TASK GOAL: Transcribe the line holding "週2日、職員1名と利用者3名" together with every line after it, through the end of the records, exactly and with no pictures.

START SUPPLIED MATERIAL

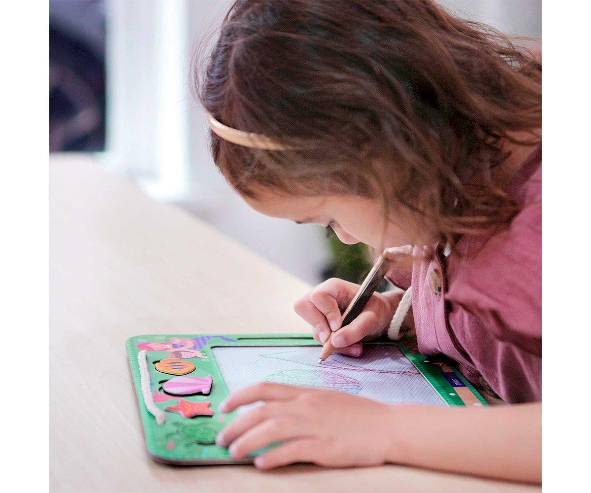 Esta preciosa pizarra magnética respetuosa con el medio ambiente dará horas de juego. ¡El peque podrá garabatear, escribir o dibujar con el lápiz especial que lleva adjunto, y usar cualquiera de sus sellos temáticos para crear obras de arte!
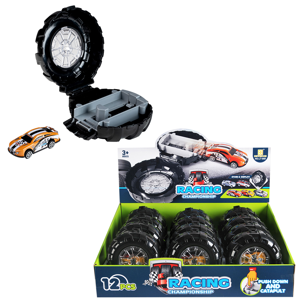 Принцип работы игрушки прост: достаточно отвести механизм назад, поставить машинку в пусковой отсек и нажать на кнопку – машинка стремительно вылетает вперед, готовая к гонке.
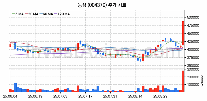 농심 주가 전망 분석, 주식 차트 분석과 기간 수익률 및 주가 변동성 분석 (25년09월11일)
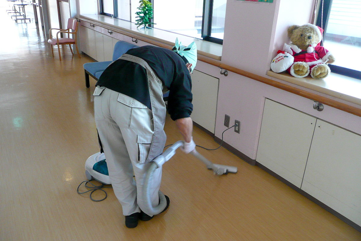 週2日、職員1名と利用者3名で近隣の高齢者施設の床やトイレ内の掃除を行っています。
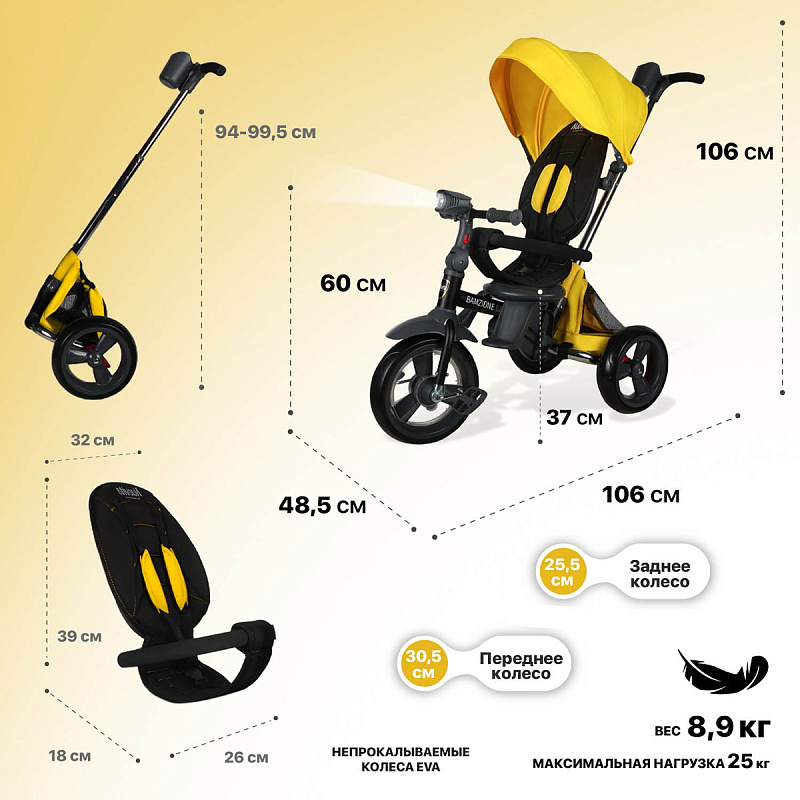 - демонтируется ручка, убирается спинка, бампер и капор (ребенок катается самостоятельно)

END SUPPLIED MATERIAL

PROBLEM SOLUTION:
 週2日、職員1名と利用者3名で近隣の高齢者施設の床やトイレ内の掃除を行っています。
 - демонтируется ручка, убирается спинка, бампер и капор (ребенок катается самостоятельно)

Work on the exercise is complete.